Не корректность, – чуткость на интонацию! Вопрос диктует ответ. На «ничего нет» в лучшем смысле последовало бы: «Как жаль!»

Дающий не спрашивает.)

 

Жестокосердые мои друзья! Если бы вы, вместо того, чтобы угощать меня за чайным столом печеньем, просто дали мне на завтра утром кусочек хлеба...

Но я сама виновата, я слишком смеюсь с людьми.

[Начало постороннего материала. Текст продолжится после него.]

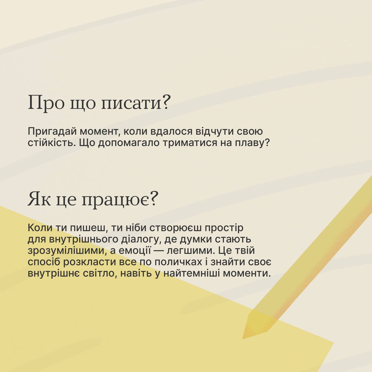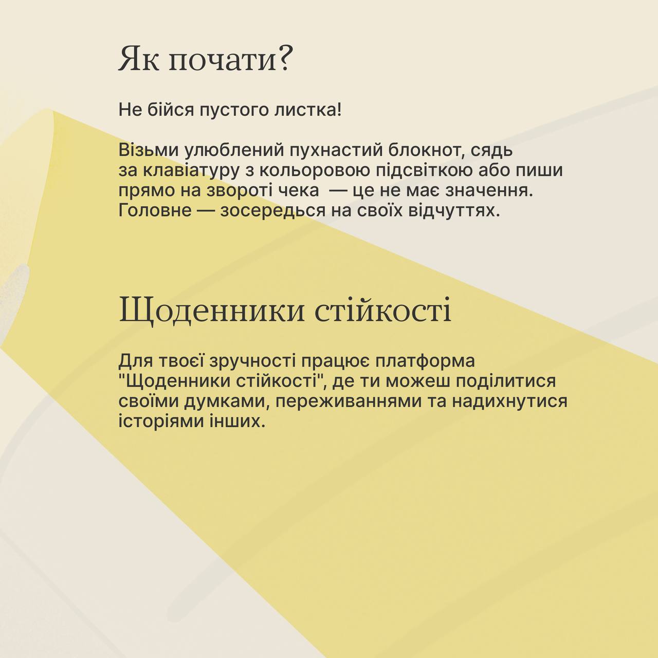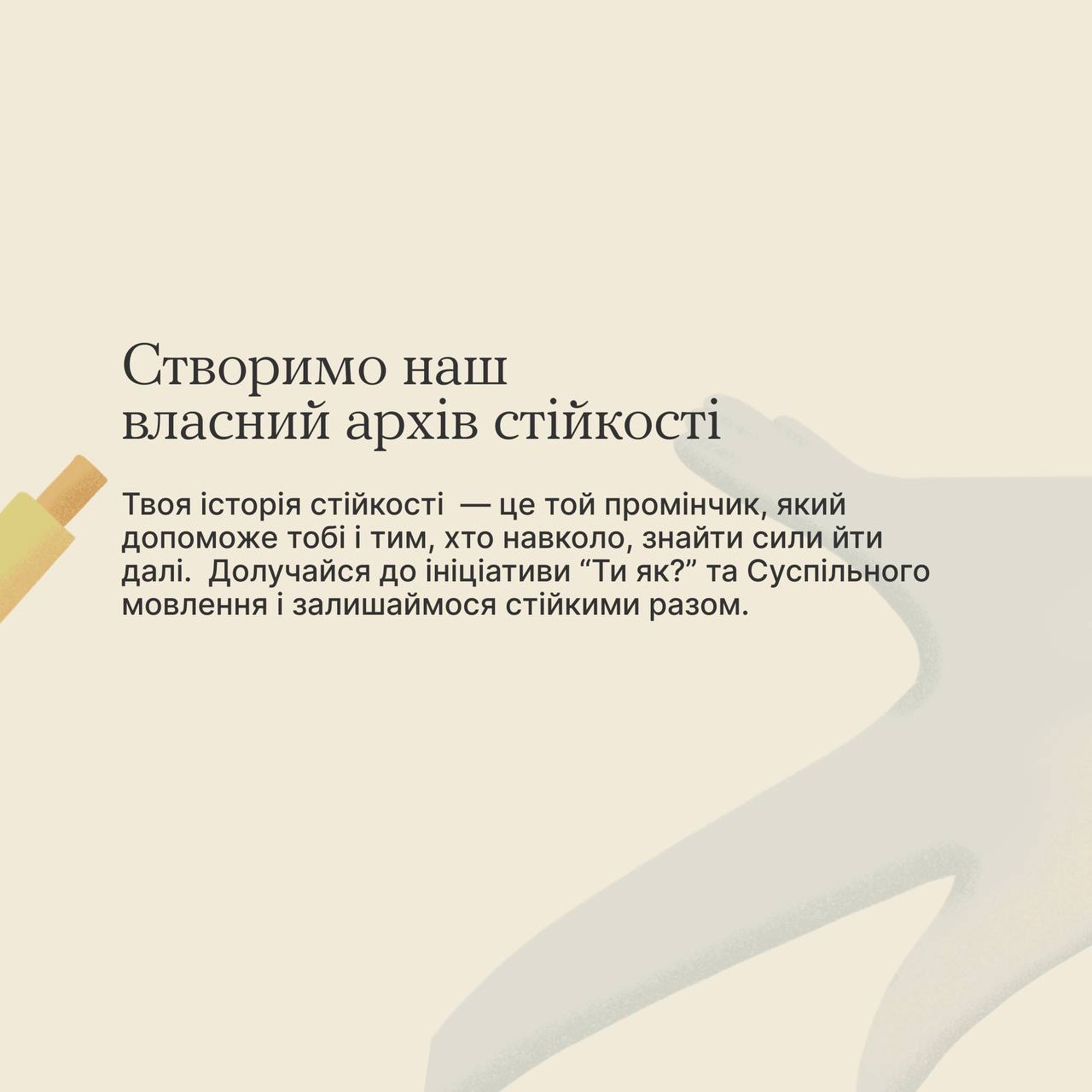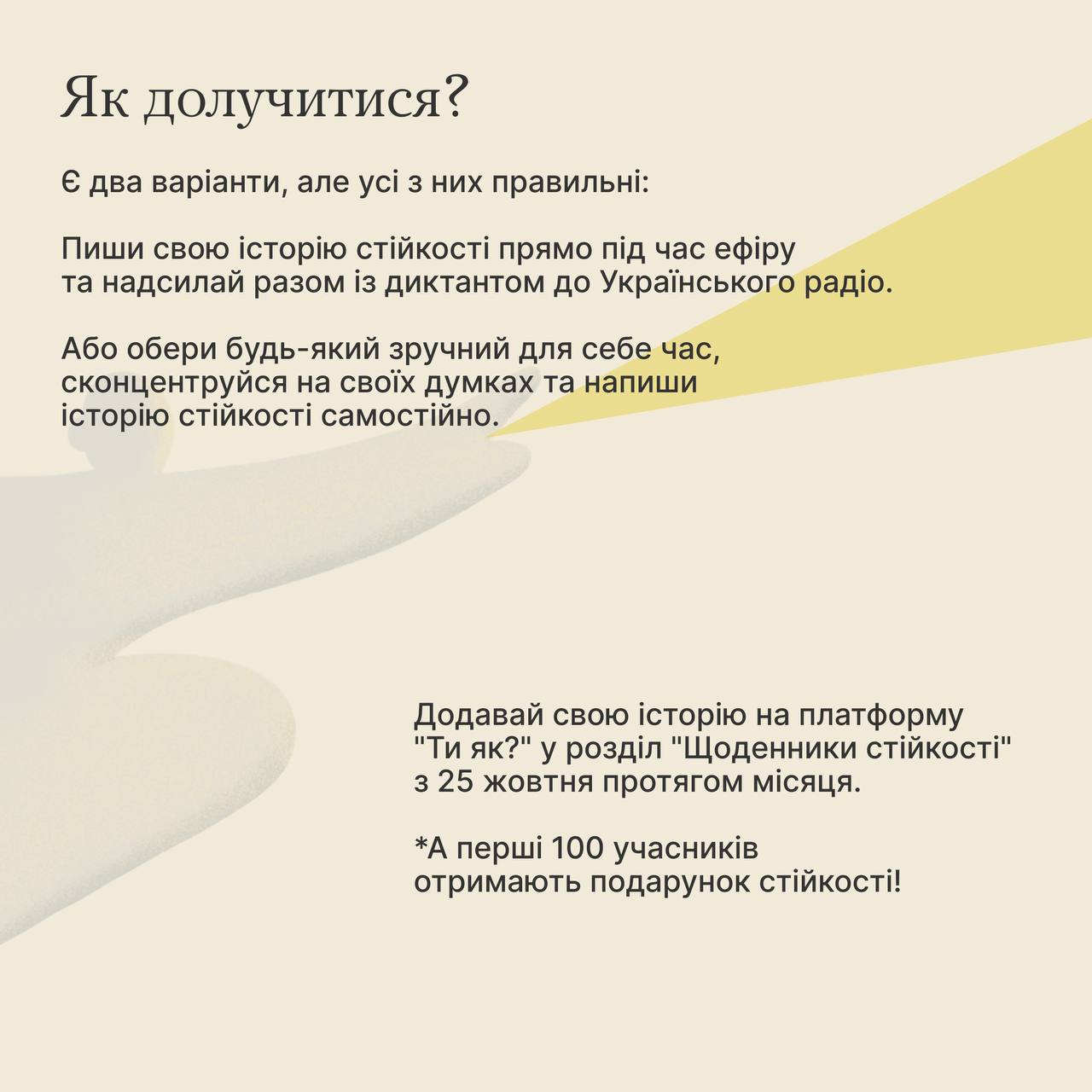 З 25 жовтня протягом місяця пиши свій «Щоденник стійкості» і ділися ним на сторінках платформи «Ти як?» . Твоя історія стійкості може бути не лише прочитана, а й почута в етері Українського Радіо. Адже кожна історія важлива й може стати променем підтримки для інших.
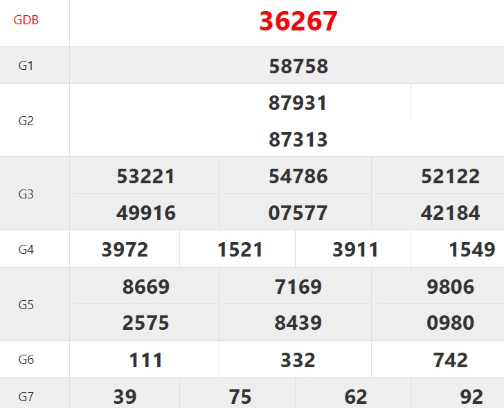 | Ngày | Giải ĐB | Ngày | Giải ĐB | Ngày | Giải ĐB |
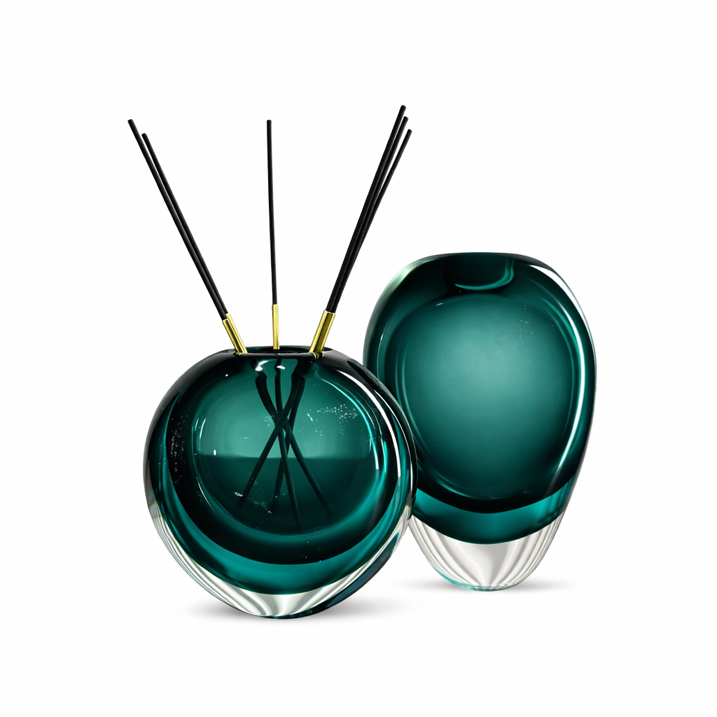 Derin zümrüt tonlu cam, ışığı katmanlı biçimde kırarak iç dokudaki dalgalı formu görünür kılar. Bu hacimli yapı, ürünü yalnızca fonksiyonel bir diffuser değil; mekâna karakter kazandıran heykelsi bir obje haline getirir.

Кроме того, когда вы выходите, я у вас этот хлеб – краду.

 

Мои покражи в Комиссариате: два великолепных клетчатых блокнота (желтых, лакированных), целая коробка перьев, пузырек английских красных чернил. Ими и пишу.

 

Кривая вывозит, прямая топит.

 

Вместо «Монпленбеж», задумавшись, пишу: «Монплэзир» (Monplaisir – нечто вроде маленького Версаля в XVIII в.).

 

Мое «не хочу» всегда: «не могу». Во мне нет произвола. «Не могу» – и кроткие глаза.

 

Мое «не могу» – некий природный предел, не только мое, – всякое. В «хочу» нет предела, поэтому нет и в «не хочу».

 

Не хочу – произвол, не могу – необходимость. «Чего моя правая нога захочет...», «Что моя левая нога сможет», – этого нет.

 

Не могу священнее не хочу. Не могу, это все переборотые не хочу, все исправленные попытки хотеть, – это последний итог.

 

Мое «не могу» – это меньше всего немощь. Больше того: это моя главная мощь. Значит, есть что‑то во мне, что вопреки всем моим хотениям (над собой насилиям!) все‑таки не хочет, вопреки моей хотящей воле, направленной против меня, не хочет за всю меня, значит, есть (помимо моей воли!) – «во мне», «мое», «меня», – есть я.

 

Не хочу служить в Красной Армии. Не могу служить в Красной Армии. Первое предпосылает: «Мог бы, да не хочу!» Второе: «Хотел бы, да не могу». Что важнее: не мочь совершать убийства, или не хотеть совершать убийства? В не мочь – вся наша природа, в не хотеть – наша сознательная воля. Если ценить из всей сущности волю – сильнее, конечно: не хочу. Если ценить всю сущность – конечно: не могу.

 

Корни не могу глубже, чем можно учесть. Не могу растет оттуда, откуда и наши могу: все дарования, все откровения, все наши Leistungen[27]: руки, двигающие горы; глаза, зажигающие звезды. Из глубин крови или из глубин духа.

 

Я говорю об исконном не могу, о смертном не могу, о том не могу, ради которого даешь себя на части рвать, о кротком не могу.

 

Утверждаю: не могу, а не не хочу создает героев!

 

Да будет мое не хочу – не могу: великим и последним не хочу всего существа. Будем хотеть самых чудовищных вещей. Ноги, ступайте! Руки, хватайте – чтобы в последнюю минуту: ноги вкопанные, топор – из рук: не могу!

 

Будем начинать с хотения! Перехотим все! «Не могу» без всех испробованных «хочу» – жалкая немощь и, конечно, кончится: могу.

 

– Но если я не только не могу (предать, скажем), если я еще и не хочу мочь? (предать).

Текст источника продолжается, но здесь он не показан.